[Task prompt] Send each entry back exactly as given, pictures excluded.

-- Extracted material follows --

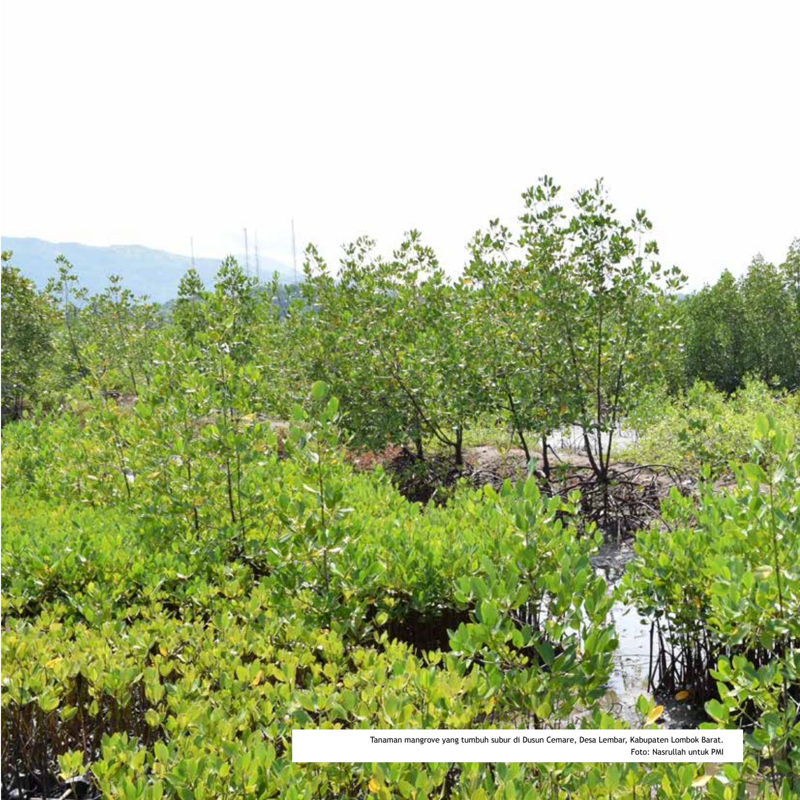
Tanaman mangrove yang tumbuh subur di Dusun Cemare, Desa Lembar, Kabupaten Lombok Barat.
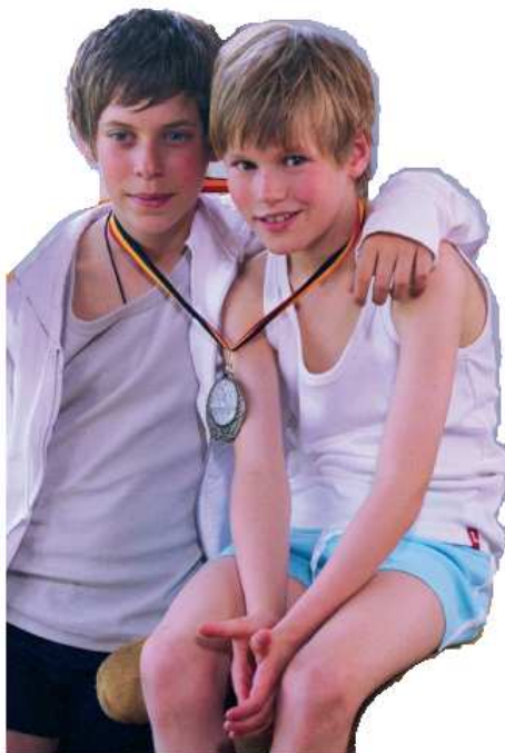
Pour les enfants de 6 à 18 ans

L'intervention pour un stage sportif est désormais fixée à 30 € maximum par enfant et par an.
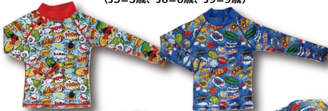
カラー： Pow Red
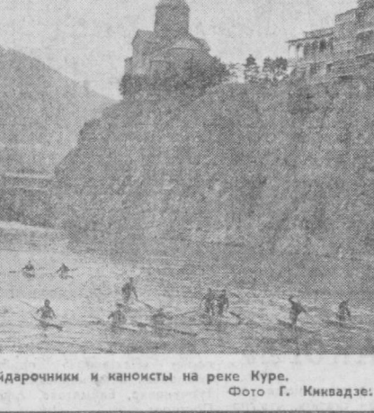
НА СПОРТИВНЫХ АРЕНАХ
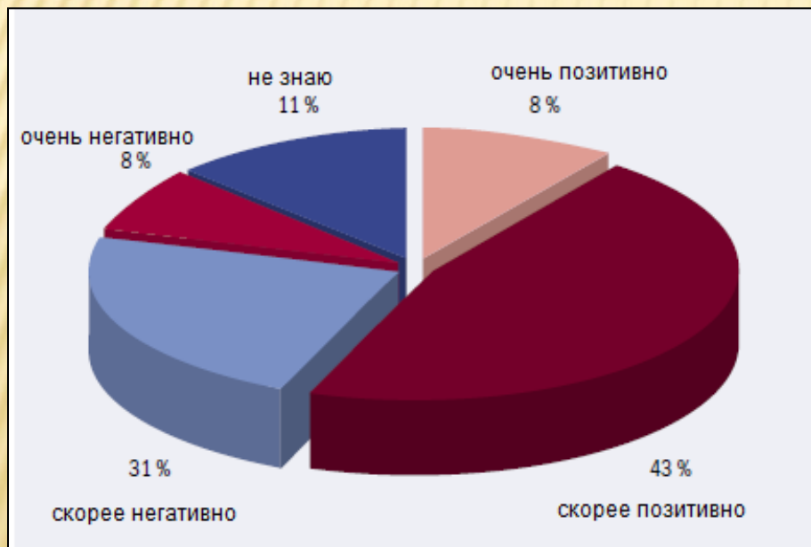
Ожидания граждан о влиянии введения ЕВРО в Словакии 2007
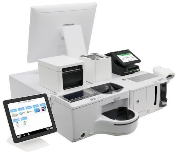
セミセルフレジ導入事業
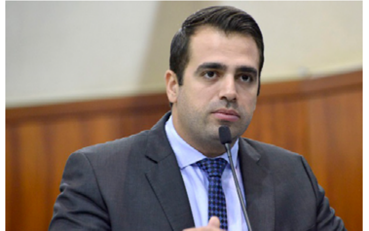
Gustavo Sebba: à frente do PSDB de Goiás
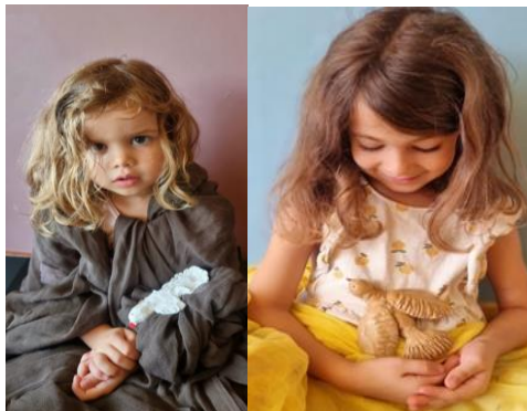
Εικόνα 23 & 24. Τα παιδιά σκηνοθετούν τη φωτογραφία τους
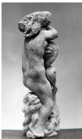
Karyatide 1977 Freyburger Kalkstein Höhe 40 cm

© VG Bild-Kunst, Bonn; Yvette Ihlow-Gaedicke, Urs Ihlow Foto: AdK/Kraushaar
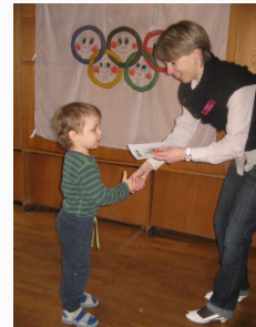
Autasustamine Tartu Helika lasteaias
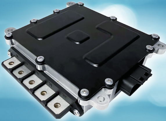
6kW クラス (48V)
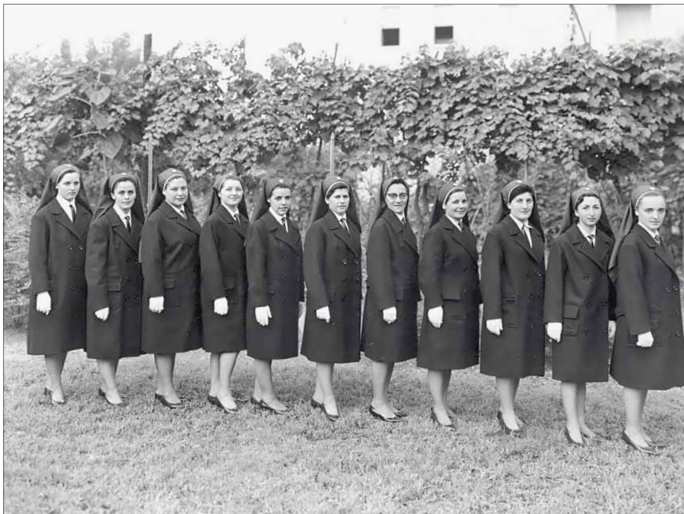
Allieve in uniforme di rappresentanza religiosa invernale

-- Extracted material concluded --

[Solution]
Tanaman mangrove yang tumbuh subur di Dusun Cemare, Desa Lembar, Kabupaten Lombok Barat.
Pour les enfants de 6 à 18 ans

L'intervention pour un stage sportif est désormais fixée à 30 € maximum par enfant et par an.
カラー： Pow Red
НА СПОРТИВНЫХ АРЕНАХ
Ожидания граждан о влиянии введения ЕВРО в Словакии 2007
セミセルフレジ導入事業
Gustavo Sebba: à frente do PSDB de Goiás
Εικόνα 23 & 24. Τα παιδιά σκηνοθετούν τη φωτογραφία τους
Karyatide 1977 Freyburger Kalkstein Höhe 40 cm

© VG Bild-Kunst, Bonn; Yvette Ihlow-Gaedicke, Urs Ihlow Foto: AdK/Kraushaar
Autasustamine Tartu Helika lasteaias
6kW クラス (48V)
Allieve in uniforme di rappresentanza religiosa invernale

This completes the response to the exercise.